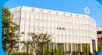
บรูกลินกาหลี
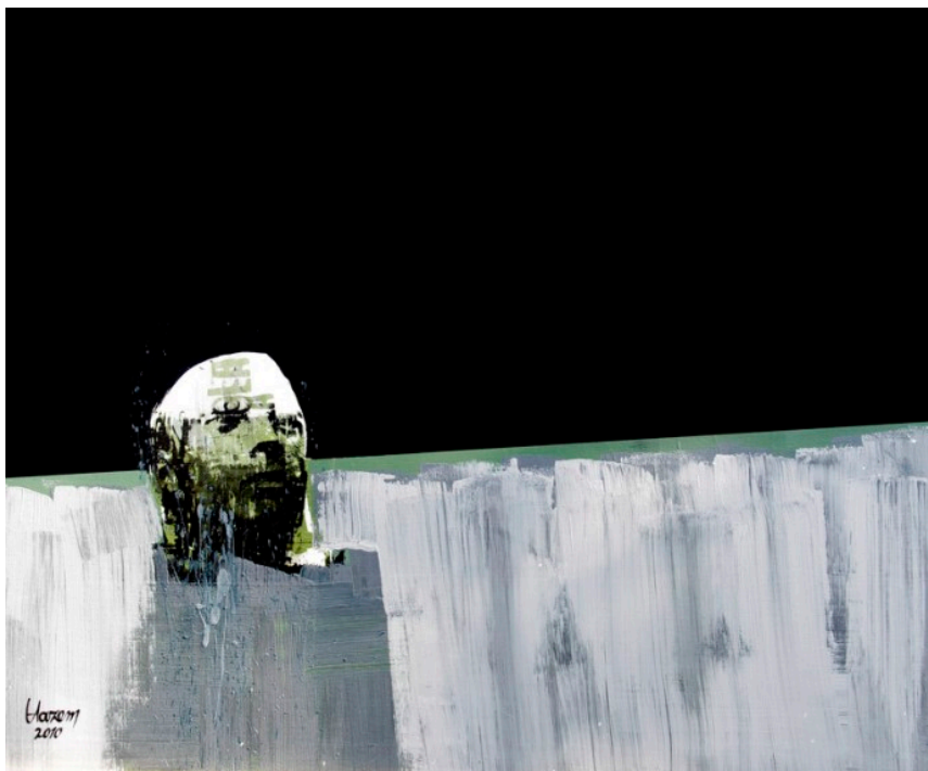
Hazem Harb – Invisibility series

L'artiste Hazem Harb originaire de Gaza aujourd'hui en exil entre Rome et Dubaï, explore le thème de l'existence, à travers un point de vue très personnel et original. Dans sa série de peintures inédites – il s'agit de la collection privée de l'artiste – intitulée Invisibilité (2010), inspirée de l'art conceptuel et de l'expressionnisme, l'artiste dépeint des formes humaines stylisées : on devine çà et là une jambe, une main ou un visage désarticulé, décharné, à peine identifiable. Evoquant l'œuvre de Francis Bacon, des fragments de corps en mouvement se heurtent à des compositions géométriques dans lesquelles ils entrent violemment, comme par effraction. Doté d'une grande maîtrise technique (entre jets et aplats de peintures), l'artiste qui a entrepris ce projet à la suite de la guerre « Plomb Durci » de 2008 sur Gaza, rend les conséquences désastreuses de la guerre plus manifestes encore par la matérialité de la peinture. A l'instar de Goya ou de Picasso, c'est un art qui alerte, qui dénonce les horreurs de la guerre et la vulnérabilité humaine.

---*---

■ PROBLEM DESCRIPTION ■
What the answer should hold is an exact copy of each line from the one containing "Hazem Harb – Invisibility series" to the final line of the listing above.

■ ANSWER SECTION ■
Hazem Harb – Invisibility series

L'artiste Hazem Harb originaire de Gaza aujourd'hui en exil entre Rome et Dubaï, explore le thème de l'existence, à travers un point de vue très personnel et original. Dans sa série de peintures inédites – il s'agit de la collection privée de l'artiste – intitulée Invisibilité (2010), inspirée de l'art conceptuel et de l'expressionnisme, l'artiste dépeint des formes humaines stylisées : on devine çà et là une jambe, une main ou un visage désarticulé, décharné, à peine identifiable. Evoquant l'œuvre de Francis Bacon, des fragments de corps en mouvement se heurtent à des compositions géométriques dans lesquelles ils entrent violemment, comme par effraction. Doté d'une grande maîtrise technique (entre jets et aplats de peintures), l'artiste qui a entrepris ce projet à la suite de la guerre « Plomb Durci » de 2008 sur Gaza, rend les conséquences désastreuses de la guerre plus manifestes encore par la matérialité de la peinture. A l'instar de Goya ou de Picasso, c'est un art qui alerte, qui dénonce les horreurs de la guerre et la vulnérabilité humaine.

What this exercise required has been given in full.